Видит Танюша под утро третий сон; и опять Стольников, веселый, довольный, смеется.
— В отпуск? Надолго?
Стольников радостно отвечает:
— Теперь уж навсегда!
— Как навсегда? Почему?
Стольников протягивает руку, длинную и плоскую, как доска; на ладони красным написано:
«Бессрочный отпуск».
И вдруг Танюше страшно: почему «бессрочный»? А недавно писал, что скоро повидаться не придется, так как от командировки отказался. «Сейчас уехать с фронта нельзя, да и не хочется; время не такое».
Стольников вытирает руку платком; теперь рука маленькая, а красное сошло на платок. Танюша просыпается: какой странный сон!
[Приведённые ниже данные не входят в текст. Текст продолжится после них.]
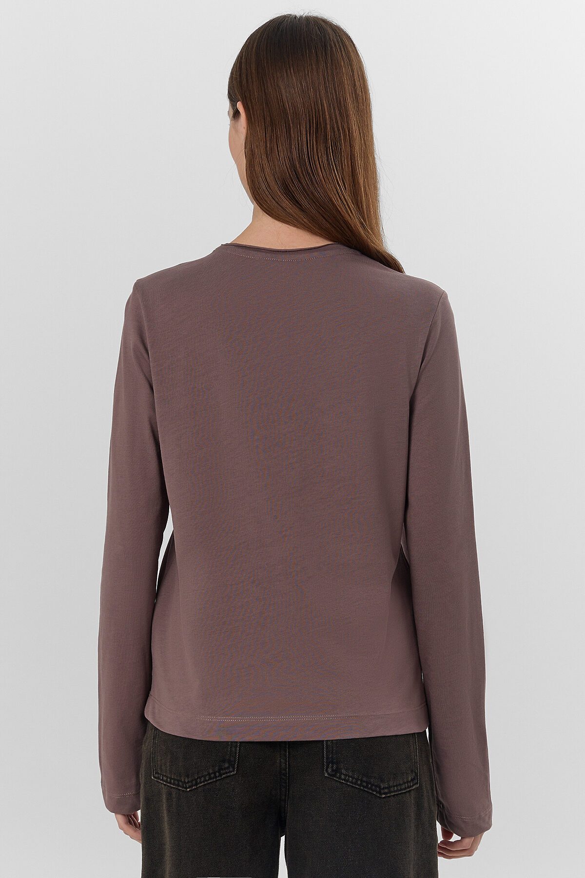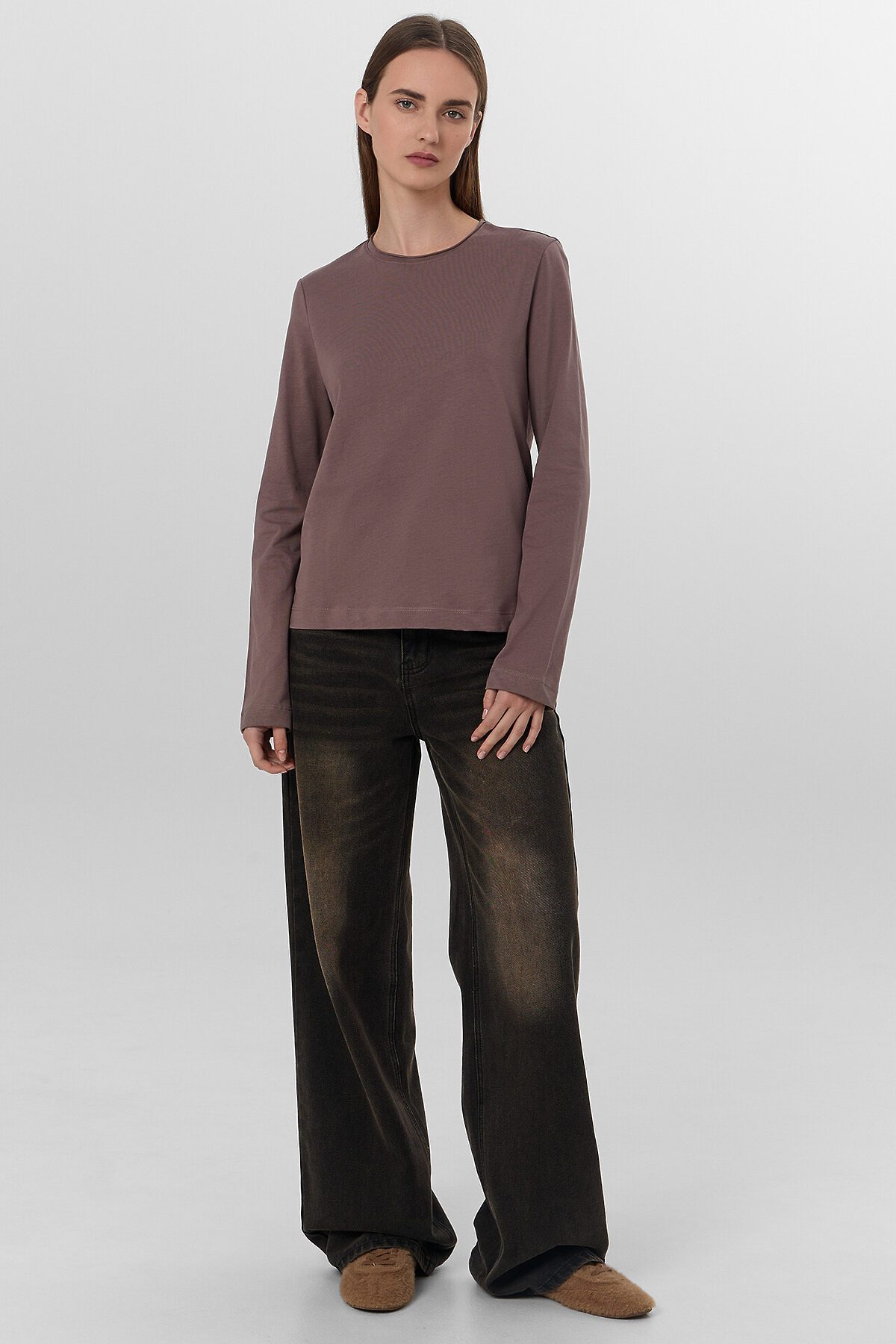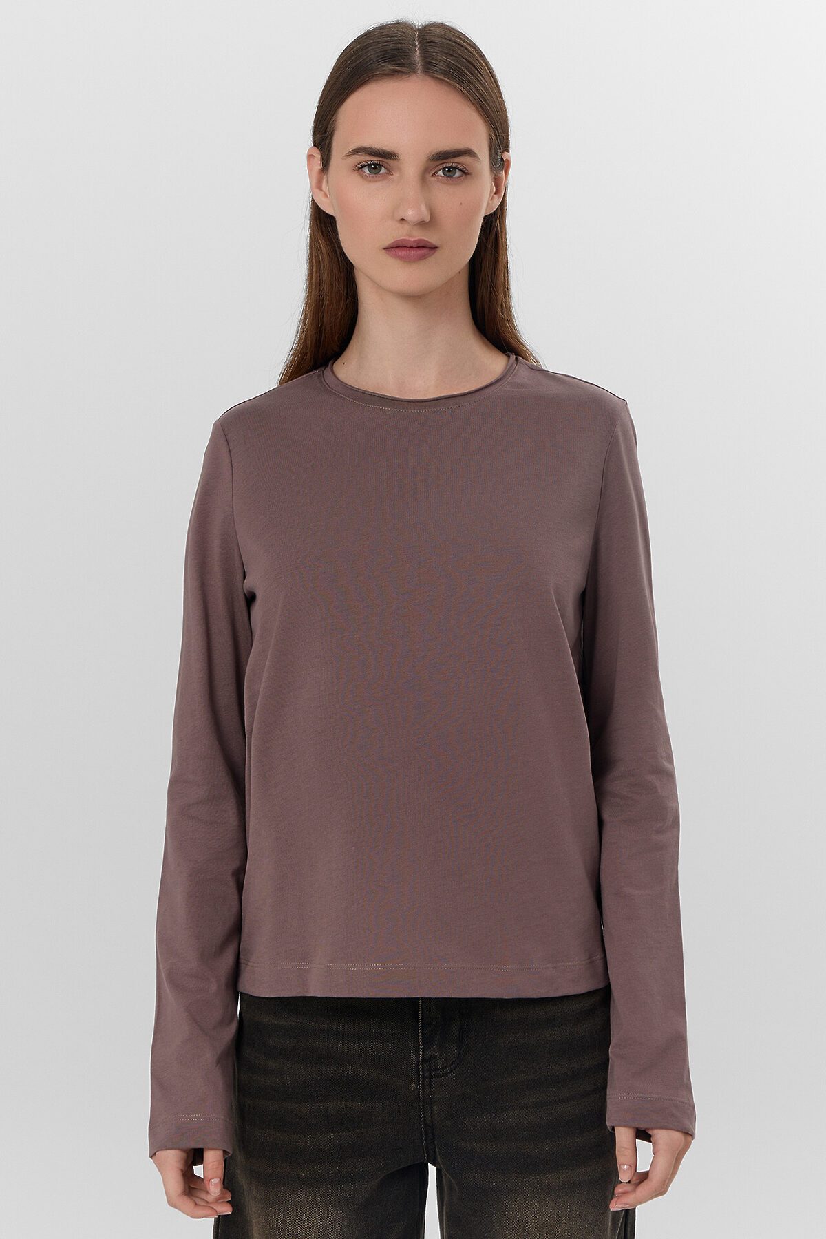 Лонгслив изготовлен из трикотажного полотна кулирка. Лонгсливпрямого силуэта.. Горловина обработана обтачкой с открытым срезом. Шов втачивания обтачки по спинке закрыт бейкой из основного полотна. Рукава втачные длинные. Нижние срезы лонгслива и рукава обработаны швом вподгибку
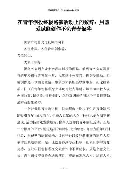 【七哥公文】2026年:在青年创投终极路演活动上的致辞:用热爱赋能创作不负青春韶华+更多免费公文+VX:QiGeGongWen2024
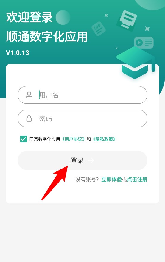 2、登录页输入用户名与密码即可进入系统,首次使用可选择体验或点击注册开通账号。
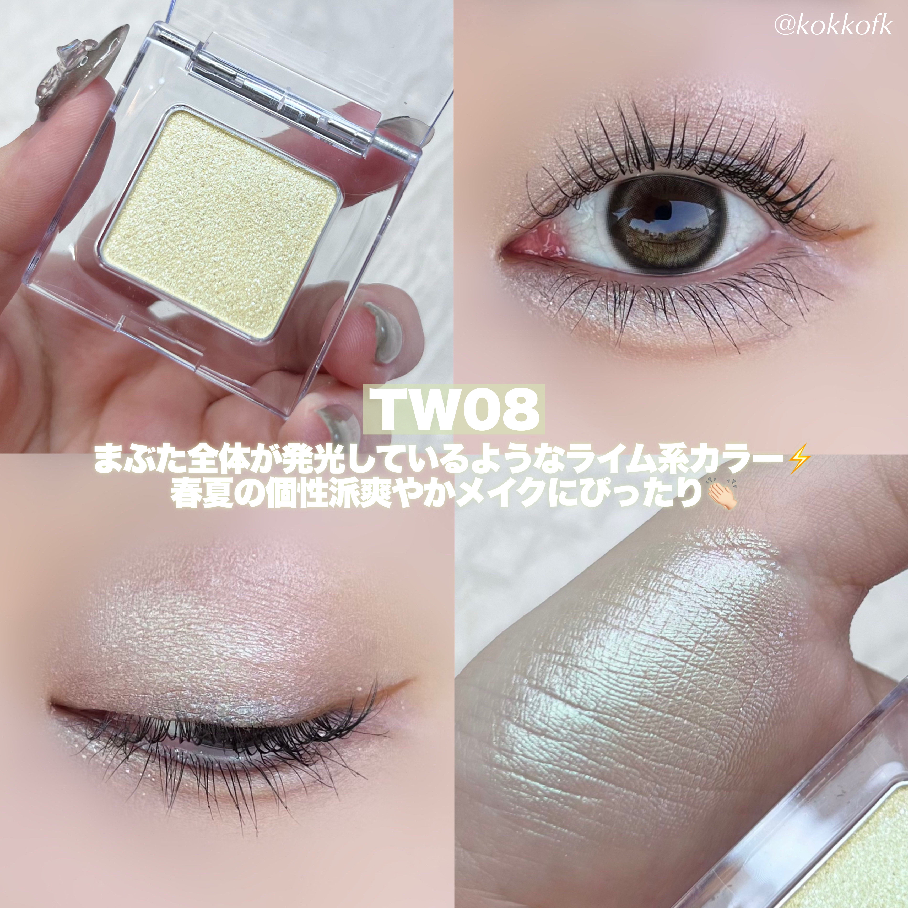- 9つの質感に秘められた無限の可能性を持つカラーバリエーション。 【トゥインクル】 まるでヴェールのように、極小の光の粒がまぶたを包み込み、上品な華やかさをプラスしてくれるトゥインクル。 ポイント使いをすれば、自然で上品なツヤ感に。普段のメイクのニュアンスチェンジにも活躍します。
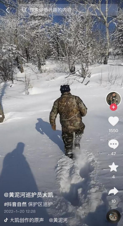 黄宝莹之外,在野外清理猎套、为东北虎“保驾护航”的巡护员,用漫画、视频等形式介绍东北虎知识的科普创作者……这些专业人士的不断努力下,东北虎开始越来越多地受到关注。仅在抖音上,东北虎相关话题播放量就超过23亿,最新上线的东北虎保护地,更是10天就吸引了近两千万网友参与守护。

Только шесть часов. Танюша закинула руки и заснула снова. Полоса света через скважину в шторах пересекла яркой лентой белую простыню и столбиком стала на стене над постелью. Отбился волос и лежит на подушке отдельно. На правом плече Танюши, пониже ключицы, маленькое родимое пятно. И ровно, от дыханья девушки, приподымается простыня.
ПЯТАЯ КАРТА
Стольников нащупал ногой выбитые в земле ступени и спустился в общую офицерскую землянку под легким блиндажом. Внутри было душно и накурено. На ближней лавке доктор играл в шахматы с молодым прапорщиком. У стола группа офицеров продолжала игру, начавшуюся еще после обеда. Стольников подошел к столу и втиснулся между играющими.
— Ты два раза должен пропустить, Саша. Ты играть будешь?
— Буду. Знаю.
Когда круг стал подходить к нему, он, потрогав в кармане бумажки, сказал:
— Все остатки. Сколько тут?
— Вам сто тридцать, с картой.
— Дайте.
Глаза играющих, как по команде, переходили от карты банкомета к карте Стольникова, который сказал:
— Ну-ну, дайте карточку.
— Вам жир, нам… тоже жир. Два очка.
— Три, — сказал Стольников и протянул руку к ставке.
Карты перешли к следующему.
Война прекратилась. Вообще исчезло все, кроме поверхности стола, переходящих из рук в руки денег, трепаной «колбасы» карт. Никогда Стольников не был студентом, не танцевал на вечере Танюши, не превращался из свежего офицерика в боевого капитана с Георгием, не был вчера в опере и не вернется в тыл. Табачная завеса отрезала мир. Закурил и он.
— Твой, Саша, банк.
— Ну вот вам, ставлю весь выигрыш. Для начала… девятка. Не снимаю. Вам тройка, мне — опять девять. В банке триста шестьдесят. Тебе — половина, вам сто; тебе, Игнатов, остатки? Эх, надо бы еще раз девятку… Ваша… нате, берите.